When you see too many open files in a containerized app, it’s tempting to jump straight to ulimit -n. Sometimes that’s correct. But on Linux (especially with Go apps using fsnotify), the error can also be caused by inotify limits—even if your process has a huge file-descriptor limit.

This post is a practical, copy/paste-friendly checklist to debug the problem on a real Kubernetes cluster.

Step 0: Decide which “limit” you’re hitting

There are (at least) three common failure modes that can all look like “too many open files”:

  • Per-process file descriptor limit (classic EMFILE)
    • Think: ulimit -n, /proc/<pid>/limits, or systemd LimitNOFILE.
  • System-wide file table exhaustion (ENFILE)
    • Think: /proc/sys/fs/file-nr approaching /proc/sys/fs/file-max.
  • inotify instance/watch limits (common with fsnotify)
    • Think: fs.inotify.max_user_instances and fs.inotify.max_user_watches.

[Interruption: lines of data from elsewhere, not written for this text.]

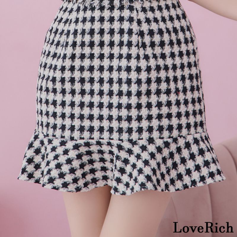 トレンドの千鳥柄ツイード生地を使用し、キャミソールトップスとマーメイドスカートのセットアップドレスになっています。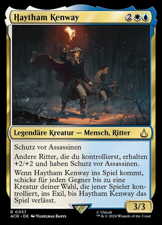 | Rules | Protection from Assassins Other Knights you control get +2/+2 and have protection from Assassins. When Haytham Kenway enters the battlefield, for each opponent, exile up to one target creature that player controls until Haytham Kenway leaves the battlefield. |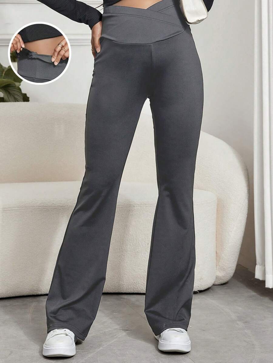 SHEIN Maternity Wide Waistband Adjustable Waist Flare Leg Pants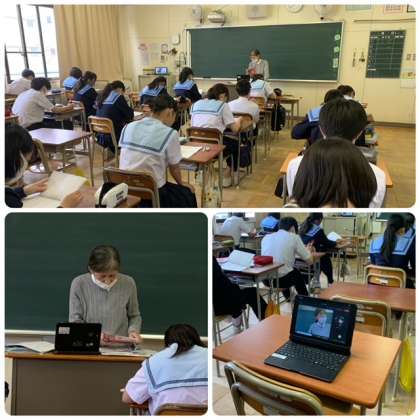 教室では、授業する先生がカメラ付き端末の前に立ち、普段通りの授業を3時間行いました。

The rest of the tutorial helps you quickly identify which one applies.

Step 1: Check the real limits of the failing process (not your shell)

Inside the pod:

# Find your process (adjust the pattern for your app)
ps -eo pid,comm,args | grep -E 'myapp|server|gateway' | grep -v grep

# Replace <pid> with the real PID
cat /proc/<pid>/limits | sed -n '/Max open files/p'

# Count currently open FDs
ls /proc/<pid>/fd | wc -l

Why this matters:

  • ulimit -n shows the limit for your current shell, which may be totally different from a process started by an init system (systemd, supervisord, Kubernetes runtime, etc.).

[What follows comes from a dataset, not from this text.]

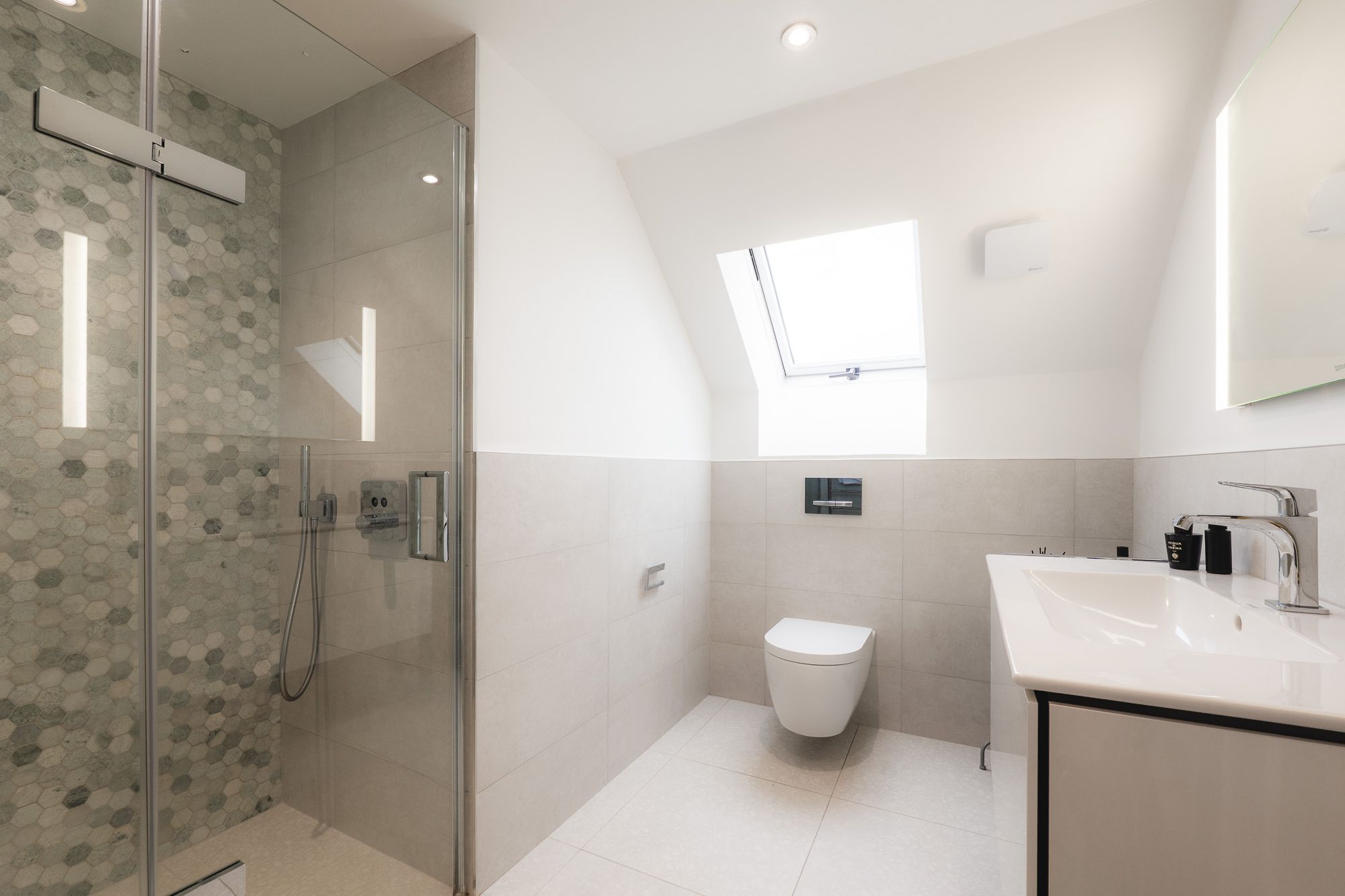 Stairs rise again to the second floor, where two spacious bedrooms sit beneath the gentle slope of the top-floor ceiling. Served by a bathroom finished in a clean grey-and-white palette, with shower, vanity basin and WC — all warmed by underfloor heating — this level works beautifully as a self-contained guest floor. Equally, it lends itself to older teens seeking a little more independence, with the option to use one room as a bedroom and the other as a private lounge or games room.

Step 2: Check node-wide file table pressure (ENFILE)

On the Kubernetes node:

cat /proc/sys/fs/file-nr
cat /proc/sys/fs/file-max

file-nr is usually three numbers: allocated, unused, max. If allocated is near max, you have a node-level exhaustion problem that can break unrelated workloads.

Step 3: Check inotify limits (the usual fsnotify culprit)

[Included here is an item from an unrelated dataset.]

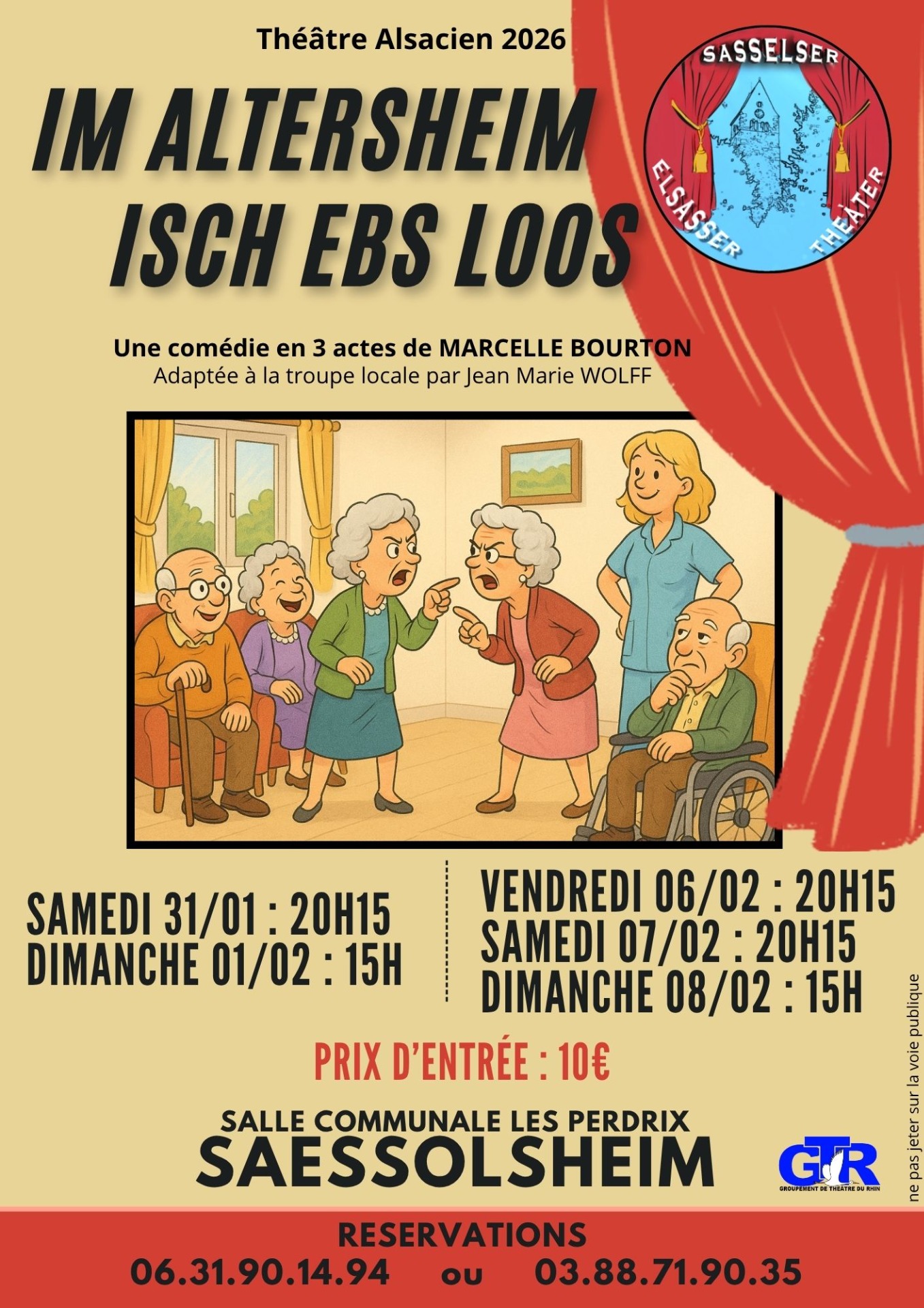 Les trois coups de la reprise des répétitions ont sonnés. La troupe du Sasselser Elsasser Theàter remonte sur les planches. Cette année, c'est une pièce de Marcelle Bourton " Im Altersheim isch ebs loos " Qui est au programme.

On the node (or inside the container—these are node kernel settings):

cat /proc/sys/fs/inotify/max_user_instances
cat /proc/sys/fs/inotify/max_user_watches
cat /proc/sys/fs/inotify/max_queued_events

If your app uses Go file watching, fsnotify’s Linux notes are worth skimming: fsnotify README (Linux).

Key concept:

  • max_user_instances is per-UID. In Kubernetes, multiple containers/processes can share the same numeric UID (e.g., a non-root “app user”), which means they share the same inotify instance budget on that node.

Step 4: Count inotify “instances” currently in use (who’s consuming them?)

On Linux, inotify instances show up as file descriptors named anon_inode:inotify.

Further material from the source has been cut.